── Entries provided

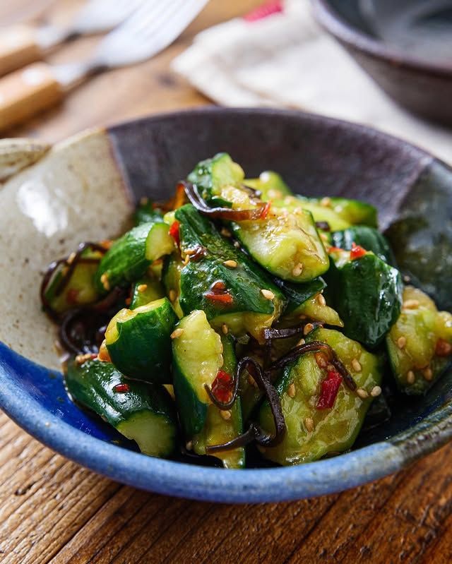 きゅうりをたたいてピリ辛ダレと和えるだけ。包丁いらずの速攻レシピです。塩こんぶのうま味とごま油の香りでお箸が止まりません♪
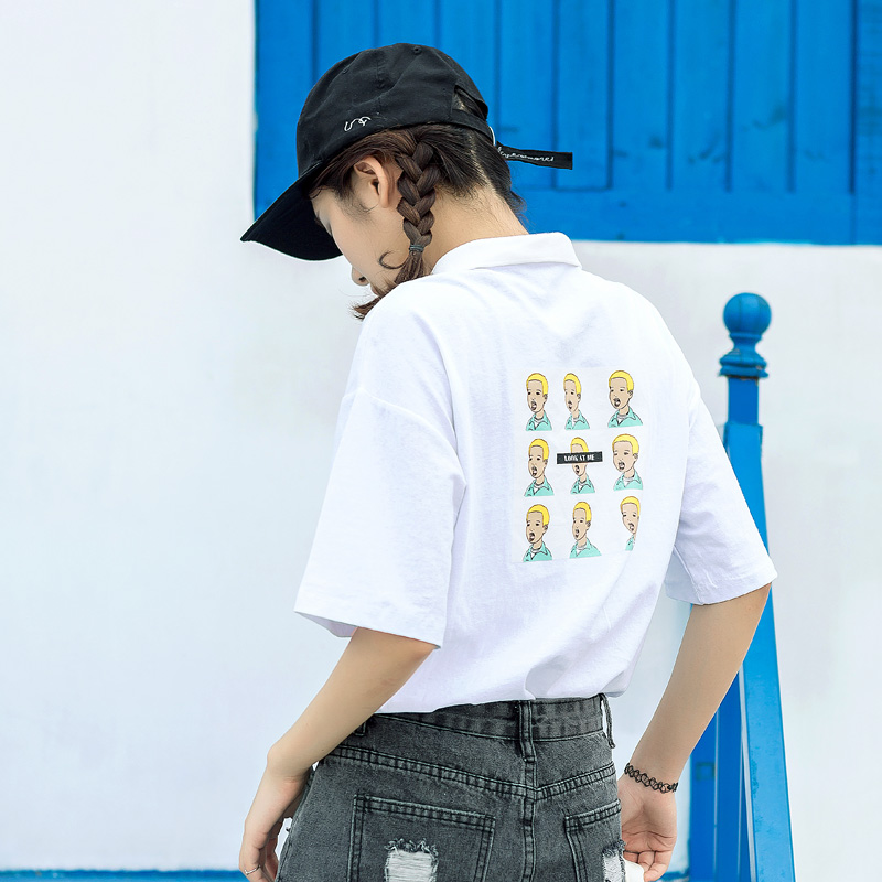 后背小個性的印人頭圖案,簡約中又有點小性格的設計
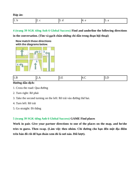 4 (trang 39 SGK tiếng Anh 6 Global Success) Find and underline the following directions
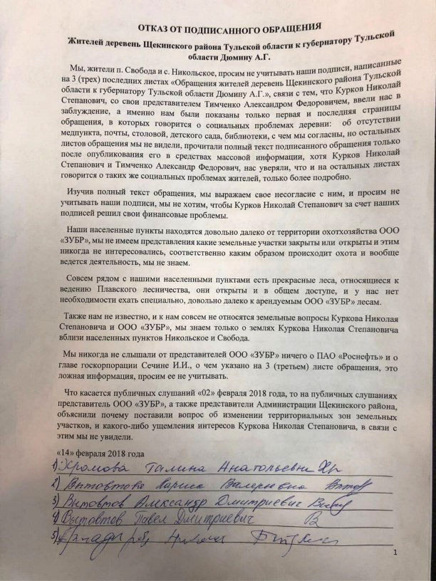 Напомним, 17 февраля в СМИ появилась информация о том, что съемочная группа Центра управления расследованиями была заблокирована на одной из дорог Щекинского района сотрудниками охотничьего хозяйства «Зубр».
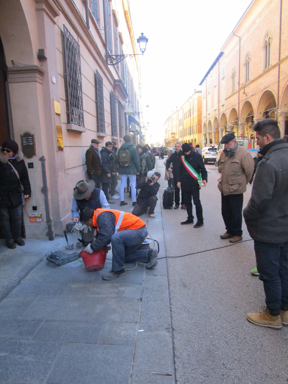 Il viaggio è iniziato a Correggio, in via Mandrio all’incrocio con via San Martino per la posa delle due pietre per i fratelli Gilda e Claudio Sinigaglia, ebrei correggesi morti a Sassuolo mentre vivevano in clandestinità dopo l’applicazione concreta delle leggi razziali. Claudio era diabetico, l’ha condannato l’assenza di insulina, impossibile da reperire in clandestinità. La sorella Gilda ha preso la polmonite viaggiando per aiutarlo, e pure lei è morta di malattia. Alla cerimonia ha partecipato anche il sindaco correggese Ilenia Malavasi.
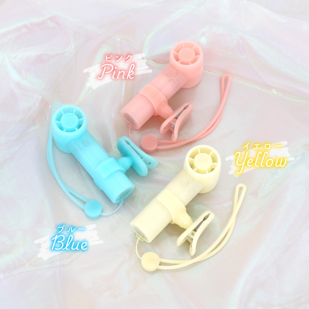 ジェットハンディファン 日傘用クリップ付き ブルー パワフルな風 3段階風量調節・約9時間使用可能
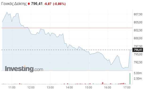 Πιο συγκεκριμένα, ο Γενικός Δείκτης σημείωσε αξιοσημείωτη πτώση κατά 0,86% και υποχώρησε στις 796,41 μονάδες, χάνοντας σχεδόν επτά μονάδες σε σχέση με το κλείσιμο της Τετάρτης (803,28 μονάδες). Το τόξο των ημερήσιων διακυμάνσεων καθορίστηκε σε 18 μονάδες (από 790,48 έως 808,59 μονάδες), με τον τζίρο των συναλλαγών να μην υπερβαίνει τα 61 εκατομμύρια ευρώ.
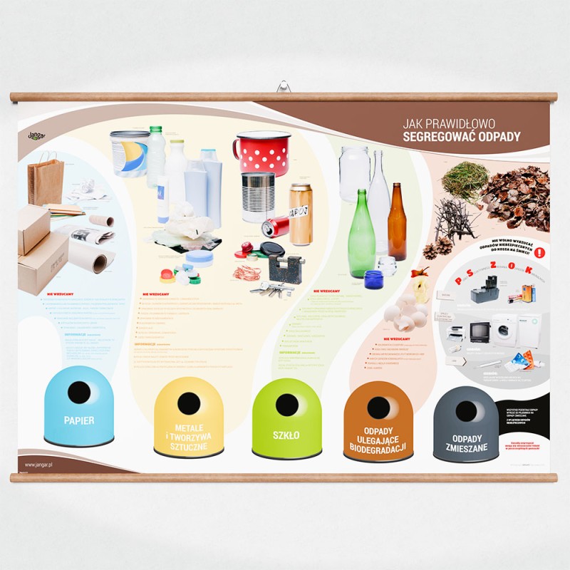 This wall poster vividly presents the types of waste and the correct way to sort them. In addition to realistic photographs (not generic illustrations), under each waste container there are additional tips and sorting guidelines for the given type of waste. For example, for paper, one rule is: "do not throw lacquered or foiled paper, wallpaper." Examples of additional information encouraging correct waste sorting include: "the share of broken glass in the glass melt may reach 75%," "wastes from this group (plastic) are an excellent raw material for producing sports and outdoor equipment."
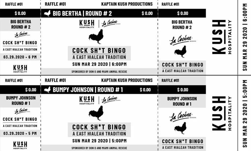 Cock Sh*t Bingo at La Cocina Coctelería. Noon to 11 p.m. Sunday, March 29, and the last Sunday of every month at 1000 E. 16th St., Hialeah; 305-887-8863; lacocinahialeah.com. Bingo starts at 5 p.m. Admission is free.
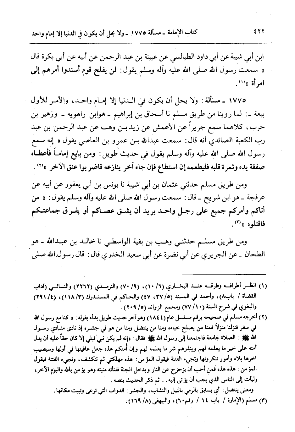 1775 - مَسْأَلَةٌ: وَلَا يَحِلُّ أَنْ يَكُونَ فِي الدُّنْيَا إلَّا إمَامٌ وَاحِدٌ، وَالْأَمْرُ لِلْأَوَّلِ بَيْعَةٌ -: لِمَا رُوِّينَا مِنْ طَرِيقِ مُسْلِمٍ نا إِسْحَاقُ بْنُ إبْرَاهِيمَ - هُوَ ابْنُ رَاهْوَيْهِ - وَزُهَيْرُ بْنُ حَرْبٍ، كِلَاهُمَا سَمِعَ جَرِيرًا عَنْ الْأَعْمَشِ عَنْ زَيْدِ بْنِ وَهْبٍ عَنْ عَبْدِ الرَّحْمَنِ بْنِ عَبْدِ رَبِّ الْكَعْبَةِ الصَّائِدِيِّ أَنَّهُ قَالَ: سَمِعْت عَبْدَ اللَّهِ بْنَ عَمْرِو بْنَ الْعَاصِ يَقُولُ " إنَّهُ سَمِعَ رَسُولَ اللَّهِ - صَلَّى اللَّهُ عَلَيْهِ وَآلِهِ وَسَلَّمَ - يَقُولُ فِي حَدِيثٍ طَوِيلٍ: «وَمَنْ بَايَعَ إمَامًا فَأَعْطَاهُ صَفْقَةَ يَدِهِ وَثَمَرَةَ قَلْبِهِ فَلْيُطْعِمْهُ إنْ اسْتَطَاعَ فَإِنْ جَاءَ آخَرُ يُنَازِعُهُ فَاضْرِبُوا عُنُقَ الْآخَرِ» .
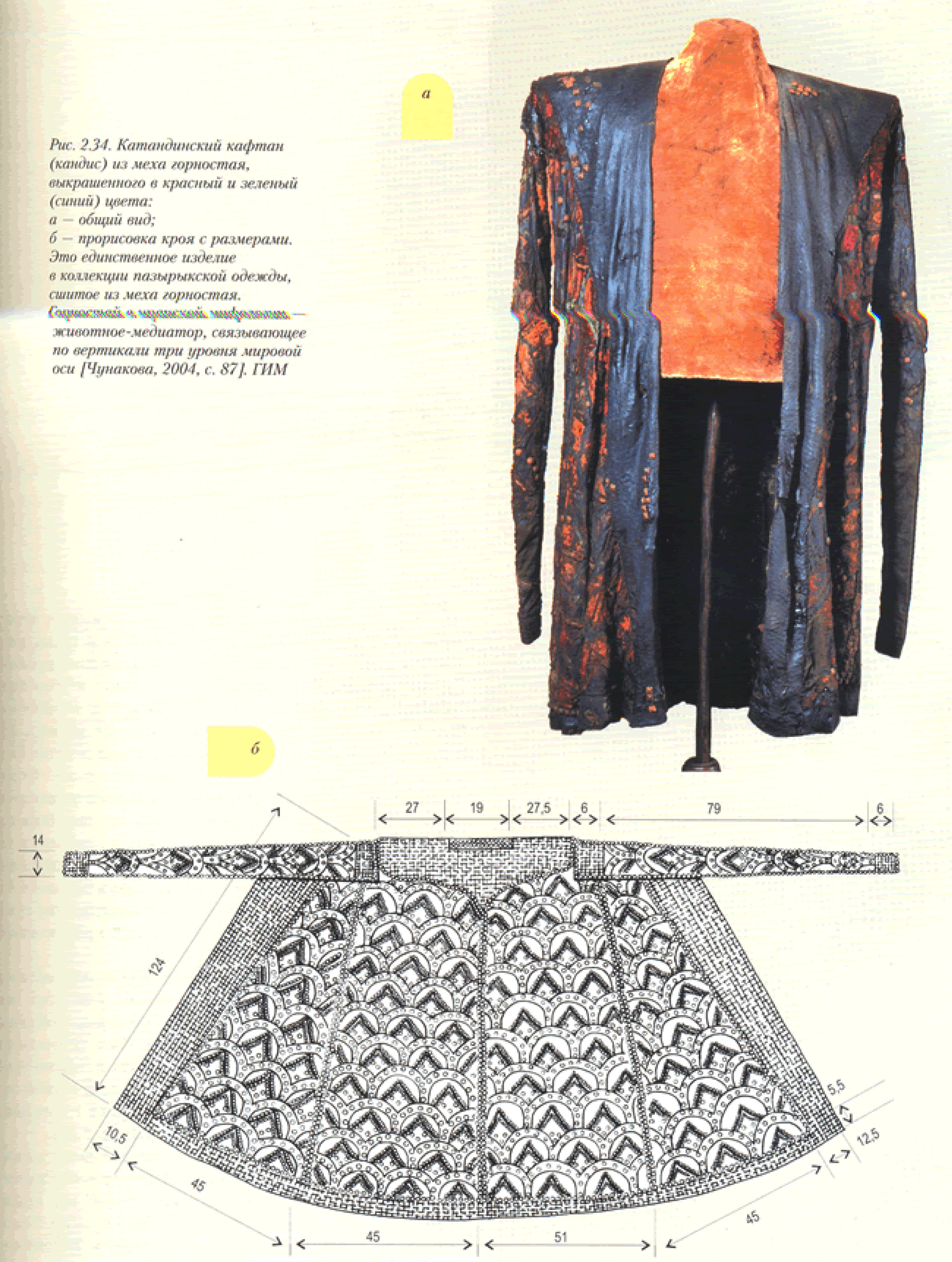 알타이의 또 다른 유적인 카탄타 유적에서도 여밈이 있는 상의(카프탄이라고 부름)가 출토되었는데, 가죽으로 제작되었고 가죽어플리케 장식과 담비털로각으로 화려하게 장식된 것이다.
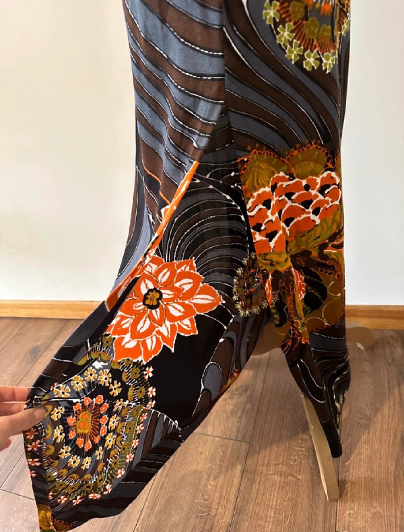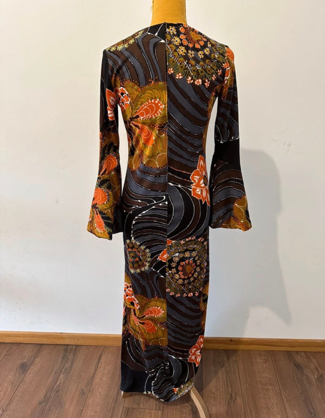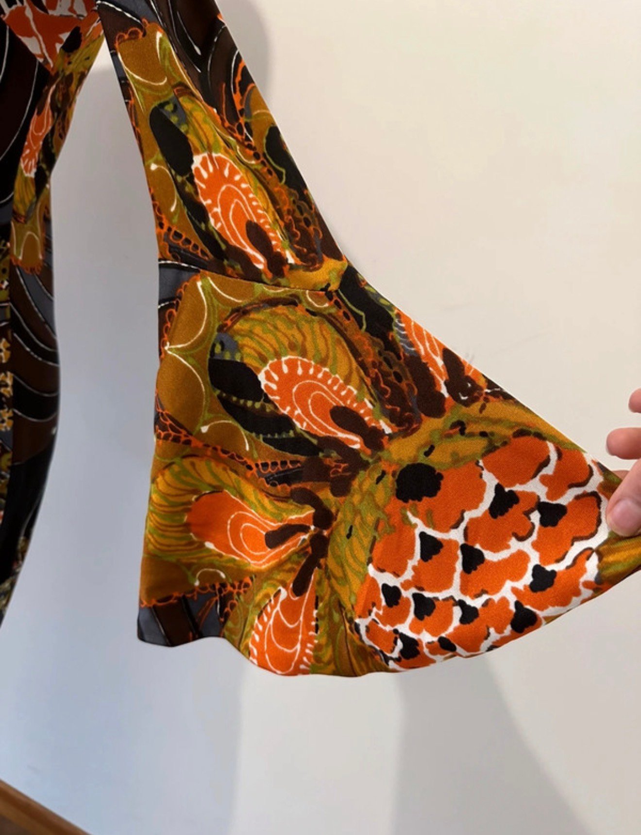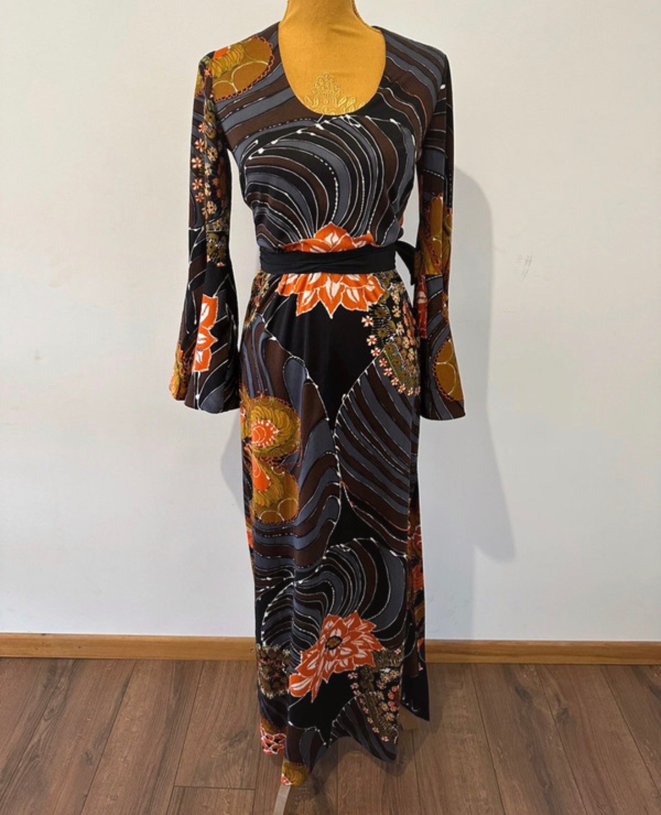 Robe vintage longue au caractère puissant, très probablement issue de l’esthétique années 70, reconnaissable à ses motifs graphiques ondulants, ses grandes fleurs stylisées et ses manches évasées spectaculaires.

────

▶ _Exercise brief_:
Return the opening line of the data above and every line after it up to and including the line that holds "Напомним, 17 февраля"; pictures stay out.

▶ _Solution to this task_:
 きゅうりをたたいてピリ辛ダレと和えるだけ。包丁いらずの速攻レシピです。塩こんぶのうま味とごま油の香りでお箸が止まりません♪
 后背小個性的印人頭圖案,簡約中又有點小性格的設計
 4 (trang 39 SGK tiếng Anh 6 Global Success) Find and underline the following directions
 Напомним, 17 февраля в СМИ появилась информация о том, что съемочная группа Центра управления расследованиями была заблокирована на одной из дорог Щекинского района сотрудниками охотничьего хозяйства «Зубр».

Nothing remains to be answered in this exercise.